By Xiaoling Zhang.

The importance of promoting culture, both domestically and internationally, was placed center stage again at the 6th Plenary Session of the CPC’s 17th Central Committee after it was written into the 12th five-year plan in 2010. Top leaders pledged to provide the sector with more resources to boost soft power and bolster “culture security” internationally and to “improve Chinese citizens’ sense of identity and confidence in Chinese culture” domestically.

President Hu Jintao made a speech at the session, which was published in January 2012 in Seeking Truth, a magazine founded by Mao Zedong as a platform for establishing Communist Party principles.

The foregrounding of the culture industry is happening at an important moment in China’s development.  First, Chinese leaders consider culture an important part of the country’s comprehensive competitiveness in the world. For some time, they have lamented the fact that “the overall strength of Chinese culture and its international influence is not commensurate with China’s international status,” as Hu said in his speech, and that Western expressions of popular culture and art seem to overshadow those from China. For instance, although China has become the world’s largest producer of TV series, the import-export ratio is 15:1.

In addition to the “deficit” in cultural exchanges, the authorities also re-introduce the discourse of demonization of China by the West to legitimize its costly investments in boosting its soft power around the world such as the opening up of Confucius Institutes and the operations of large state-run news organizations in cities around the world.

But most importantly, to promote the development of the cultural industry shows that CCP’s top leaders are impelled to shift from three decades of single-minded pursuit of economic growth, which has created a deeply divided society, to more balanced development.

Visible measures taken include cutting entertainment TV by two-thirds to curb ”excessive entertainment” from 1 January. The sweeping policy banning on advertising during TV dramas also took effect on the same day.  In addition, to ensure the successful implementation of the guideline, the development of the cultural sector will be taken as a key index to assess the performance of governments and officials.

However, China faces unprecedented challenges in relying on the cultural industry to establish the ideological foundation for social consensus on the one hand and to build its soft power around the world on the other.

Domestically, restrictions on cultural workers prevent them from reaching their full potential, as cultural products must promote the socialist core values.  Through censorship or self-censorship, for instance, “efforts should be made to improve media work and promote the healthy and positive development of Internet culture.”

The restrictions also prevent China to package itself as a politically attractive partner internationally. There is concern, for instance, that using media for development and national identity building can lead to suppression of opposition voices and non-official media. Furthermore, the “socialist core values system” which all cultural products must embody, are not easily accepted by all: “the Marxist guiding ideology, the common ideal of socialism with Chinese characteristics, the national ethos with patriotism as the core and the spirit of the times with reform and innovation as the core, and thesocialist concept of honor and disgrace.”

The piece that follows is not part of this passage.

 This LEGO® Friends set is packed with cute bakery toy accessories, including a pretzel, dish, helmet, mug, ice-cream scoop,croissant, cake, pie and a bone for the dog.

But the new initiatives do show that the CCP wants to create a socially and politically stable environment through tightening the cultural sphere, especially the social media enabled by the Internet, before the transition for the Chinese leadership in 2012, and more importantly to confront challenges posed by uneven development. They also show that Hu Jintao is keen to be remembered, as Jiang Zemin with his “three represents”, as the one with the concept of “a harmonious society” as he steps down this year.

Dr Xiaoling Zhang is a Senior Fellow at the China Policy Institute and an Associate Professor at the School of Contemporary Chinese Studies, the University of Nottingham.

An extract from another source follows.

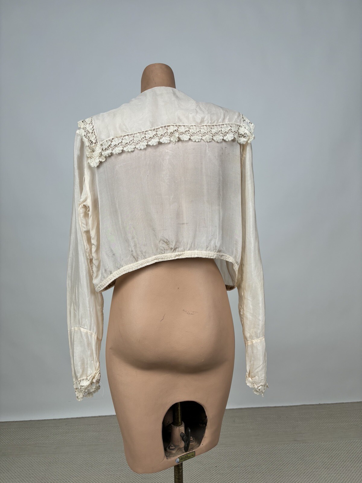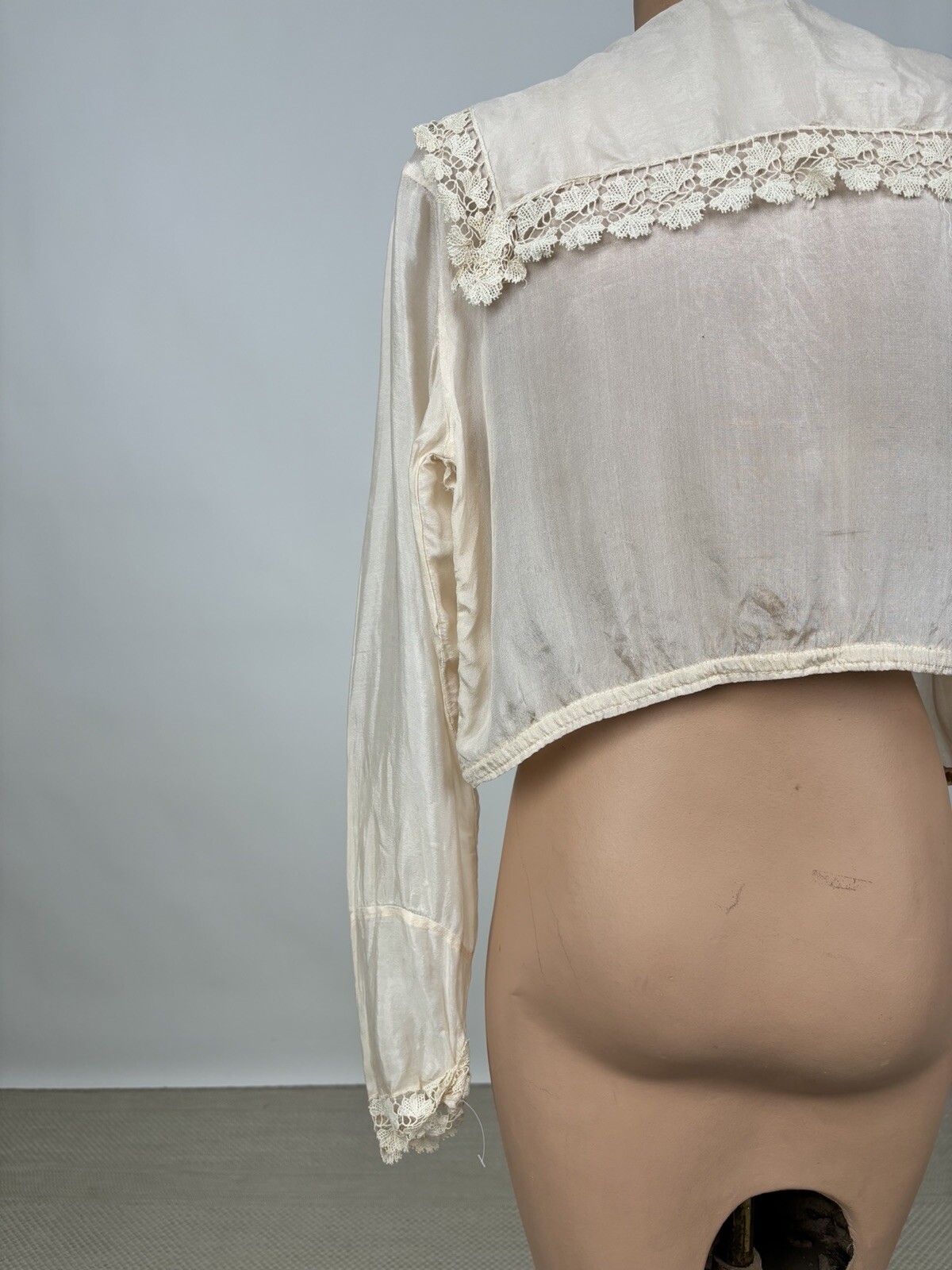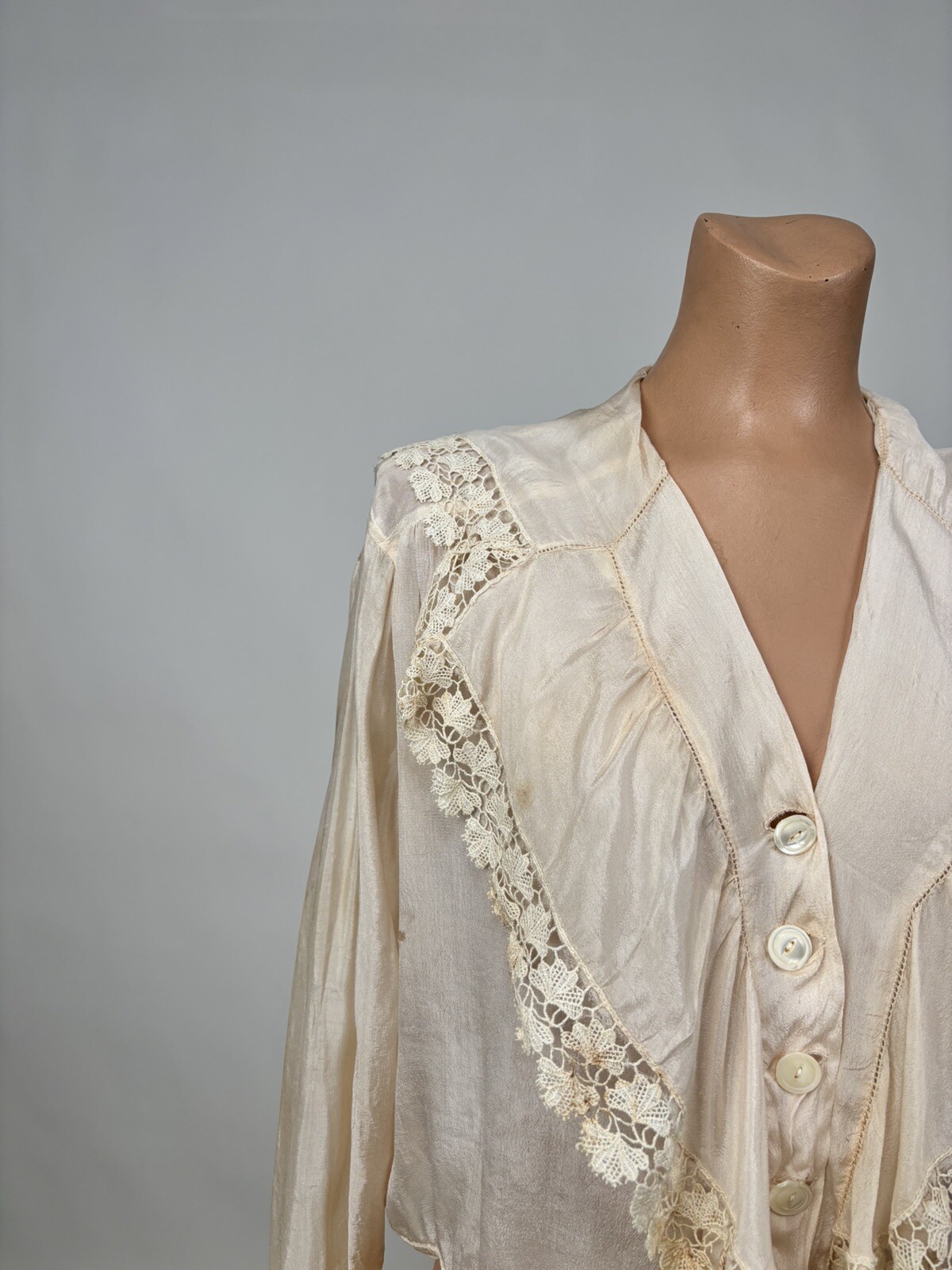 Antique Silk Victorian pale pink lace collar ladies blouse shirt long sleeve

Opinions expressed in the CPI blog do not represent the views of the China Policy Institute or the School of Contemporary Chinese Studies at the University of Nottingham. They are the personal views of the bloggers/authors.


  1. “Excessive entertainment”! Eheh, THAT would be a great policy for maximising soft power! If only nationalism and the ba-rong-ba-chi were entertaining…

  2. The enactment of the law, to have banned commercials in the TV dramas, is perhaps upon an innermost voice of and in accordance with what are to be dramatized. It’s not a legal act, for any legal acts do not matter so far so much in China, but the thought matters; it’s a step aforethought, therefore, before it’s too late to send for a thoughtpoliz. The question is rather that, what will come up anew, from the deep waters, onto the stage, that will meet the end needs of the high expectations? I wonder if you have made some prediction on it, concerning the steps, the movements, the pitches, etc., in details telling, rather than that it’s roughly said of the propaganda?